Also (referring to your original html), in addition to getting rid of the onfocus attributes, you can also get rid of the onchange attributes and just use onblur="Total()" on all the inputs (besides submit).

Note: To test with the code in your first post, just modify the js. Set if (check < 200) instead of 50. Then if you type 1 for the quantity of $199.95, the subtotal will be 204.95


----------



## dmneoblade (Apr 15, 2004)

You take over shadow, you seem to be more familiar with Javascript than I am.


----------



## npd (Jan 16, 2003)

Hi Shadow,

The script works great. Thanks for all your help.


----------



## Shadow2531 (Apr 30, 2001)

I see

put an alert right after the check = line.

check = parseFloat(((Currency(ordertotal)).substring(1)));
alert(check);

That will show you that check is wrong. Don't know why yet, but I'll check it out.


----------



## Shadow2531 (Apr 30, 2001)

Here's a quick fix until I find a better way.

change the 2 

intstr = temp1+","+temp2

lines

to

intstr = temp1+temp2

(Comma's messing up parseFloat)


----------



## Shadow2531 (Apr 30, 2001)

attached is npd2.txt

Give it a shot.

I reverted the orderTotal code back to the original in Total().

I changed the Currency function to support 1 more argument: is_order_total

So that means any time you call Currency() ,you have to specify the second argument too.

Currency(ordertotal,"yes"); That tells the conditional in Currency to add 5 to the value being passed (if it's < 200). Since 5 is added before the commas get put in, there is no worry there.

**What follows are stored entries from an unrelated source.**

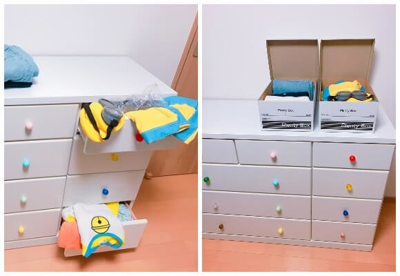 ダイソー・セリアの紙ボックスが神 子ども服の簡単・効率的な保管方法ヨムーノ。
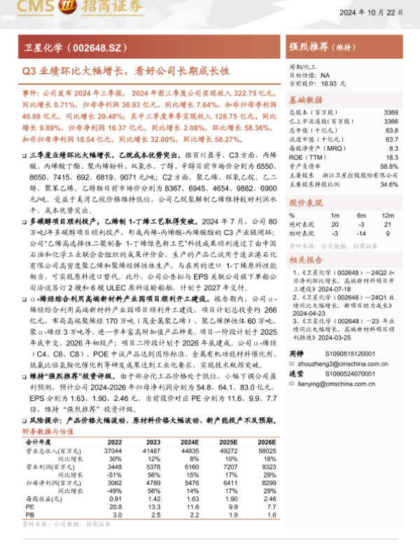 【海通证券】【20241022】卫星化学(002648)Q3业绩环比大幅增长,看好公司长期成长性-16页
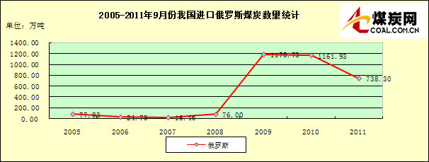 2005-2011年9月份我國進(jìn)口俄羅斯煤炭數(shù)量走勢統(tǒng)計(jì)

In npd2.txt, I have it set for < 200 before it adds 5. You need to change that.

This change might also allow you to add 5 to the Total instead if you want.

Just change Currency(ordertotal,"yes"); to Currency(ordertotal,"no"); and Currency(ordertotal + tax + sh,"no"); to Currency(ordertotal + tax + sh,"yes");

I did not try that last part, but it may work.


----------



## npd (Jan 16, 2003)

OK, I'll give it a shot. I appreciate your time.


----------



## npd (Jan 16, 2003)

Hi, Shadow

You the man. Most of this stuff looks like gibberish to me, but the script works perfectly. I'm simply amazed (yet again). Many thanks.


----------